The range of due diligence that I perform on my angel investments varies greatly from investment to investment. I don’t have a cookie-cutter approach because every startup is different and every deal is different. And if I syndicate a deal, I feel like I have a fiduciary responsibility to do a thorough job on investigating the deal and the startup and I tend to do more for those than when I write a check on my own.
I heard Jason Calacanis talk about due diligence a few years ago and something he said stuck with me. He said that the level of due diligence should be based on the size of the check and the size of round. I also take into account my knowledge in the space and experience with the founders.
I conduct due diligence to understand my risk and balance that against the level of risk I am willing to take.
There have been times I have done no due diligence and have simply written the check. There have been other times where I have done extensive due diligence and have had an attorney review the deal documents.
I’ve been working with a checklist to help guide my process and I tailor my requests to the founders rather than using a standard approach.
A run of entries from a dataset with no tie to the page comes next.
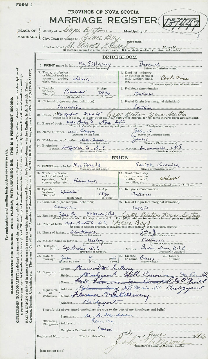 28. Date of marriage June 4 1946 29. By license or banns License 30. License number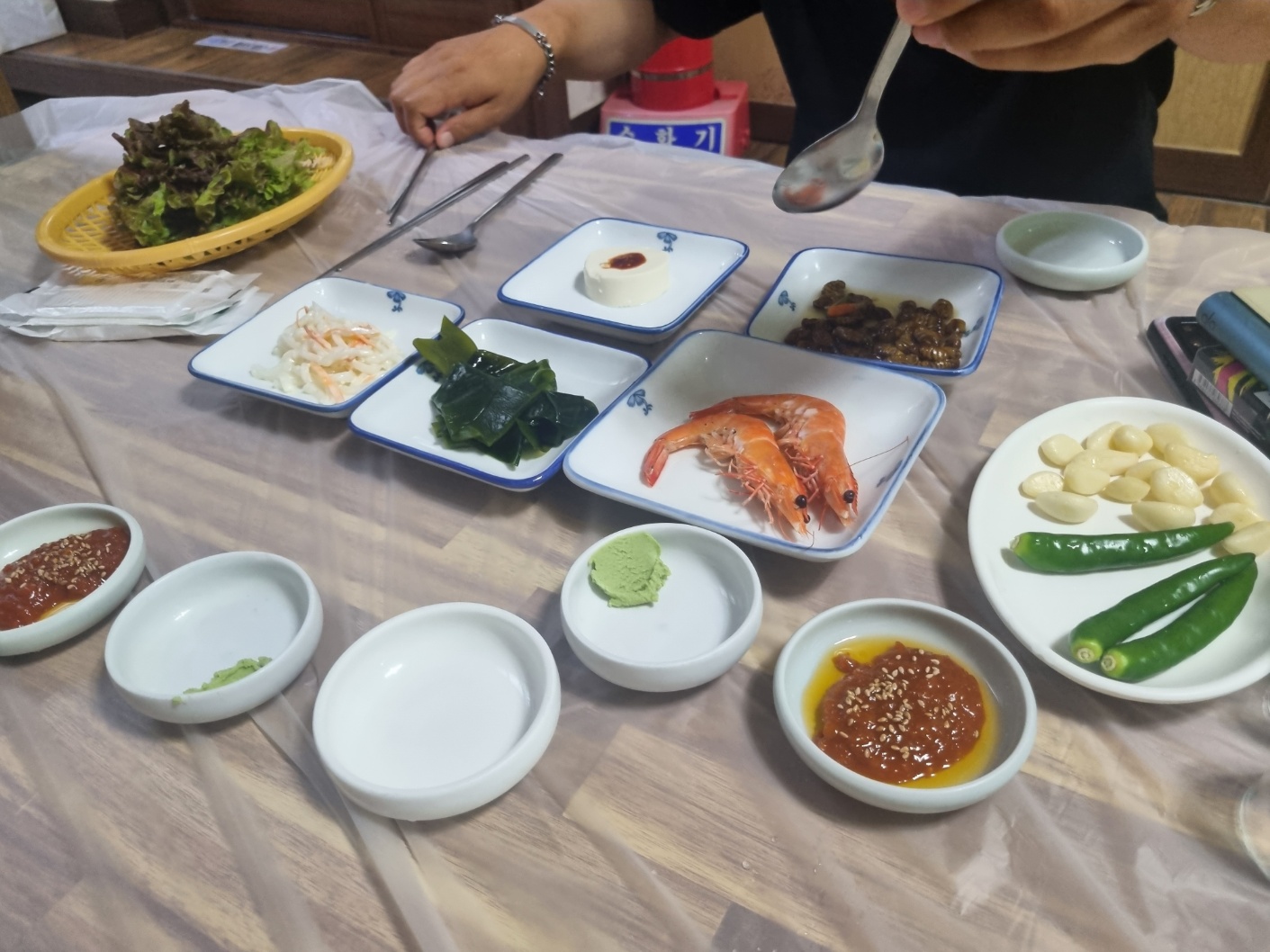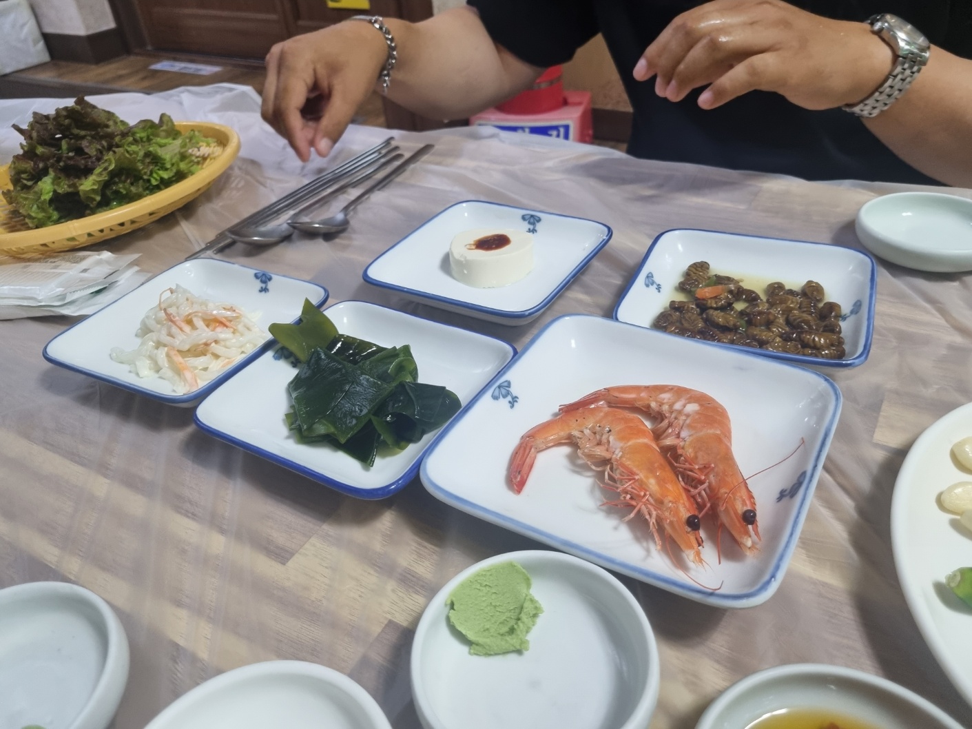 상차림을 세팅했는데 포항상회에서 서비스로 준 새우와 멍게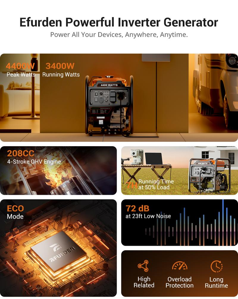 4400 Watts Off-Grid Portable Generator Outdoor Power Equipment

Since I’ve been speaking on this at a few events lately (including Spero Ventures who was kind enough to record my presentation which you can see here) and have shared my checklist via email, I thought it would make sense to share it here.
I talked about my due diligence process with my producer Jacqueline on episode 56 of Piloting Your Life, Digging in With the Investor if you want to have more context around each of the areas.
Due Diligence Checklist: Main Areas
There are five main areas that I look at:
· The Deal
· Financial Matters
· Corporate and Organizational Matters
· IP and Technology
· Product, Sales, Marketing, Manufacturing
This is pretty straightforward. I want to understand the investment opportunity, who else is involved, and what the startup is going to do with the money.
· Investment request — amount and type (e.g., convertible note or priced round)
· Description of milestones to achieve with requested investment
· Term sheet (if available)
· List existing investors and their contact information
· Dilution modeling (if available)
This too is pretty straightforward. I want to understand the financial condition of the company, who is involved, any financial commitments or restrictions, and financial projections for the future.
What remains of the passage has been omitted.